── MATERIAL SUPPLIED ──

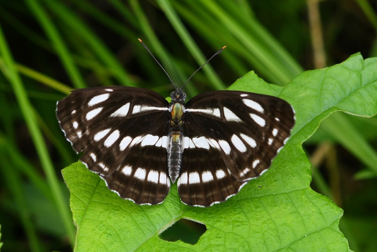 棚の近くにコミスジが止まっていました。良く見たら、胴体に赤や緑の色がついています。
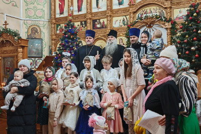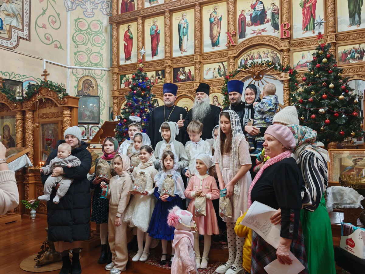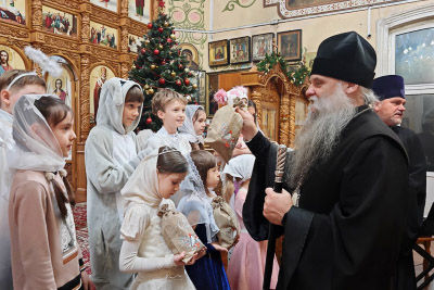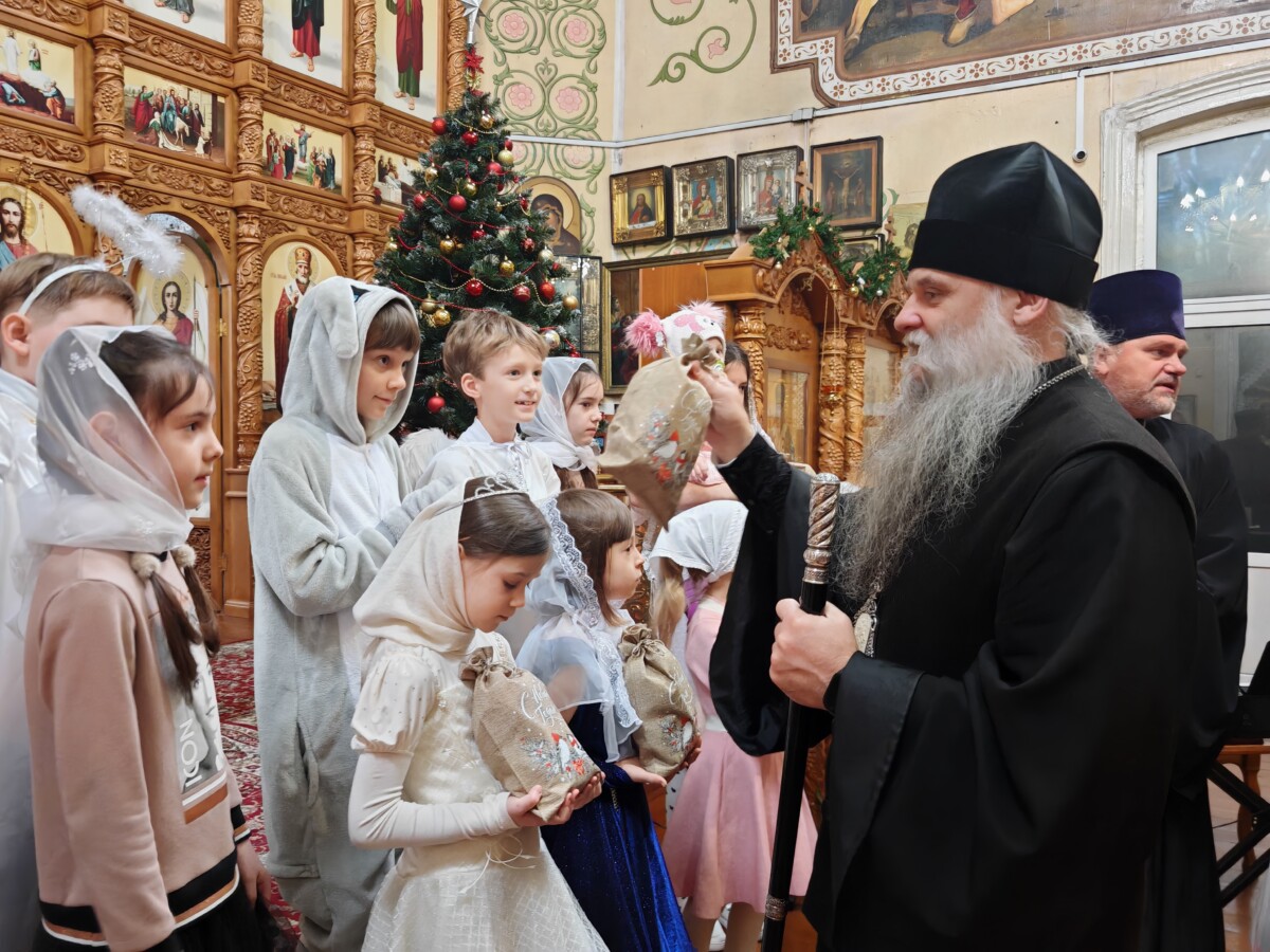 По окончании выступления Преосвященнейший Владыка обратился к присутствующим со словами поздравления и благодарности за подготовленный спектакль, после чего всем участникам вручил сладкие подарки.
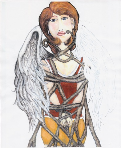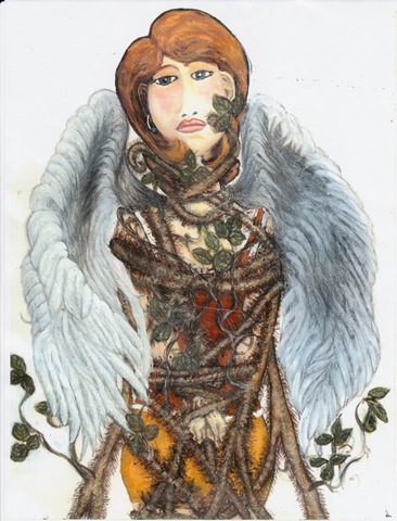 Here, I decided that what I was feeling was that I had the ability to do really great things and could fly in the figurative sense, at least, and had done so many times in my career and personal life on multiple levels.   But what I was feeling was constrained by various things, and I wasn’t sure what to do about that.  The longer it took for me to get past the things that were getting in my way, the more confined I was feeling, and the more difficult I thought it would be for me to overcome this.  Here are the beginnings of wings and strangling vines (actually poison ivy, which will become more apparent in subsequent stages).  I was pleased with the concept, but these things needed more work.
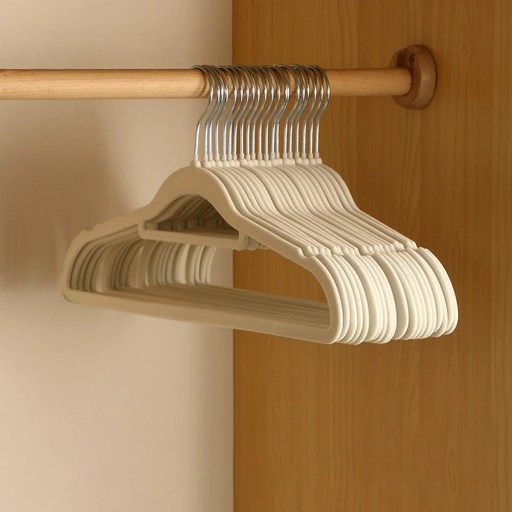 Welurowe wieszaki wykonane z najwyższej jakości materiału zapewniającego antypoślizgową powierzchnię. Twoje ubrania zawsze będą bezpieczne i elegancko wyeksponowane.
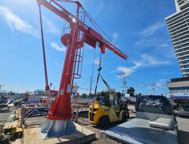 이번에 설치된 소형어선 인양기는 5톤 미만의 소형어선을 육지로 신속하게 인양할 수 있는 장비로, 태풍 등의 기생 재해로부터 어선을 보호해 재산 피해를 줄이는데 효과적이다.
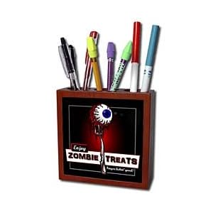 Product Description : ZOMBIES zombie treats 2 on black Tile Pen Holder is measuring 5w x 5h x 2d. Made from high quality solid mahogany wood with satin finish and one 4.25 commercial grade mirror gloss ceramic tile. Looks great on a desk or counter top with a full color custom imaged tile.
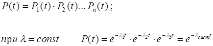 где Pi(t) - вероятность безотказной работы i-го элемента основной системы; mi - кратность резервирования i-го элемента; n - число элементов в основной системе.
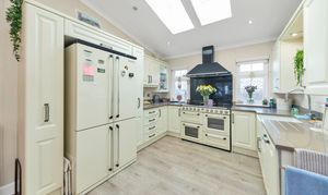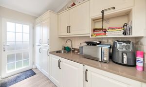 The kitchen/dining room is wonderfully open-plan, with windows and double French doors to a dual aspect, Velux windows, a range of modern base and wall units, quartz worktops, laminate flooring to the kitchen and carpet to the diner, inset lighting, a range cooker, an extractor hood, an integrated dishwasher, a butler sink, and American fridge/freezer, dining setting and smaller kitchen appliances. The utility room provides further storage, integrated washer/dryer, access to the garden and space for large laundry appliances.
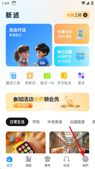 1、在新述口語首頁,點(diǎn)擊底部導(dǎo)航欄的我的選項(xiàng),可進(jìn)入個人中心頁面。
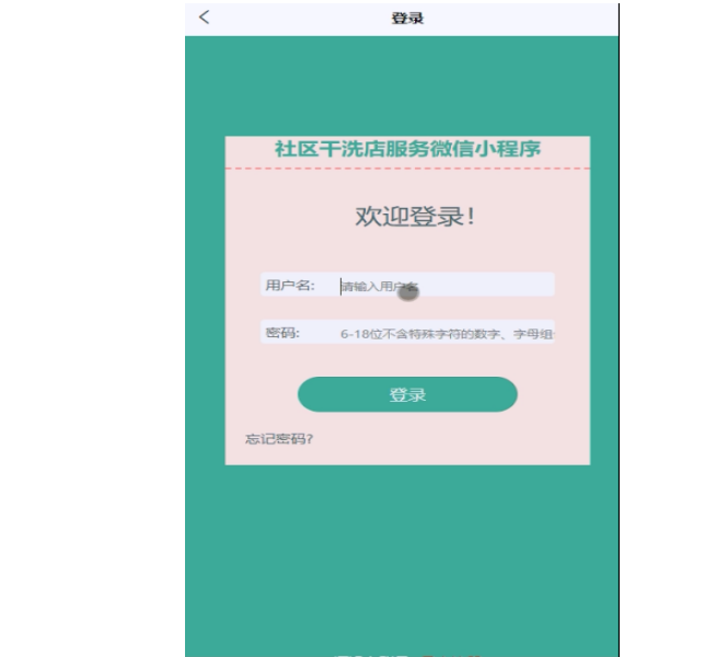社区干洗店服务微信小程序中的前台上注册后的用户是可以通过自己的账户名和密码进行登录的,当用户输入完整的自己的账户名和密码信息并点击“登录”按钮后,将会首先验证输入的有没有空数据,再次验证输入的账户名+密码和数据库中当前保存的用户信息是否一致,只有在一致后将会登录成功并自动跳转到社区干洗店服务微信小程序的首页中;否则将会提示相应错误信息,登录界面如下图4-2所示。
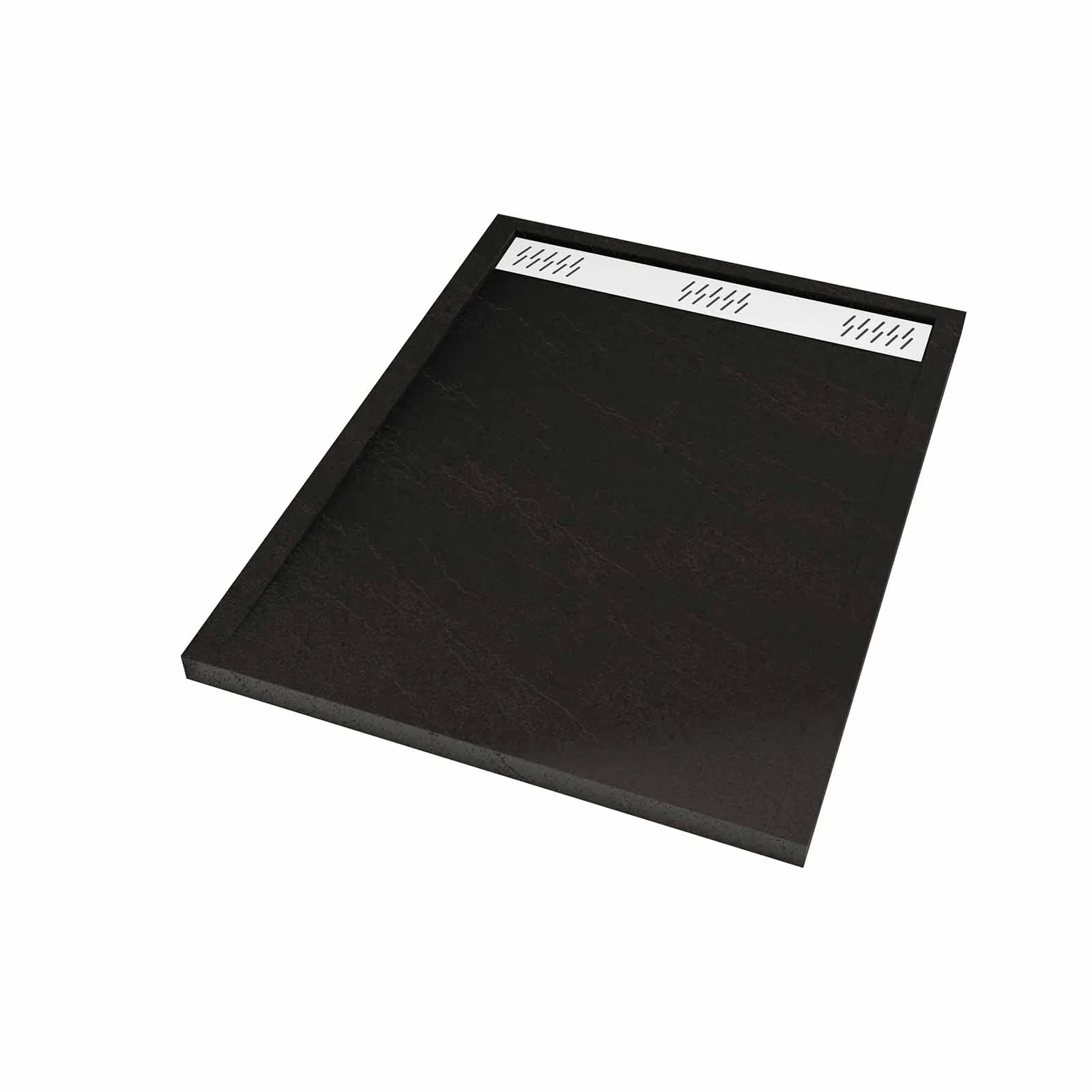 Receveur en acrylique Noir Effet Pierre 90x120x4 cm + Grilles Linéaires Chrome et Blanche Mate

───

§ GOAL OF THE EXERCISE:
Print every entry exactly as written, without the pictures.

§ FINISHED EXERCISE:
 棚の近くにコミスジが止まっていました。良く見たら、胴体に赤や緑の色がついています。
 По окончании выступления Преосвященнейший Владыка обратился к присутствующим со словами поздравления и благодарности за подготовленный спектакль, после чего всем участникам вручил сладкие подарки.
 Here, I decided that what I was feeling was that I had the ability to do really great things and could fly in the figurative sense, at least, and had done so many times in my career and personal life on multiple levels.   But what I was feeling was constrained by various things, and I wasn’t sure what to do about that.  The longer it took for me to get past the things that were getting in my way, the more confined I was feeling, and the more difficult I thought it would be for me to overcome this.  Here are the beginnings of wings and strangling vines (actually poison ivy, which will become more apparent in subsequent stages).  I was pleased with the concept, but these things needed more work.
 Welurowe wieszaki wykonane z najwyższej jakości materiału zapewniającego antypoślizgową powierzchnię. Twoje ubrania zawsze będą bezpieczne i elegancko wyeksponowane.
 이번에 설치된 소형어선 인양기는 5톤 미만의 소형어선을 육지로 신속하게 인양할 수 있는 장비로, 태풍 등의 기생 재해로부터 어선을 보호해 재산 피해를 줄이는데 효과적이다.
 Product Description : ZOMBIES zombie treats 2 on black Tile Pen Holder is measuring 5w x 5h x 2d. Made from high quality solid mahogany wood with satin finish and one 4.25 commercial grade mirror gloss ceramic tile. Looks great on a desk or counter top with a full color custom imaged tile.
 где Pi(t) - вероятность безотказной работы i-го элемента основной системы; mi - кратность резервирования i-го элемента; n - число элементов в основной системе.
 The kitchen/dining room is wonderfully open-plan, with windows and double French doors to a dual aspect, Velux windows, a range of modern base and wall units, quartz worktops, laminate flooring to the kitchen and carpet to the diner, inset lighting, a range cooker, an extractor hood, an integrated dishwasher, a butler sink, and American fridge/freezer, dining setting and smaller kitchen appliances. The utility room provides further storage, integrated washer/dryer, access to the garden and space for large laundry appliances.
 1、在新述口語首頁,點(diǎn)擊底部導(dǎo)航欄的我的選項(xiàng),可進(jìn)入個人中心頁面。
社区干洗店服务微信小程序中的前台上注册后的用户是可以通过自己的账户名和密码进行登录的,当用户输入完整的自己的账户名和密码信息并点击“登录”按钮后,将会首先验证输入的有没有空数据,再次验证输入的账户名+密码和数据库中当前保存的用户信息是否一致,只有在一致后将会登录成功并自动跳转到社区干洗店服务微信小程序的首页中;否则将会提示相应错误信息,登录界面如下图4-2所示。
 Receveur en acrylique Noir Effet Pierre 90x120x4 cm + Grilles Linéaires Chrome et Blanche Mate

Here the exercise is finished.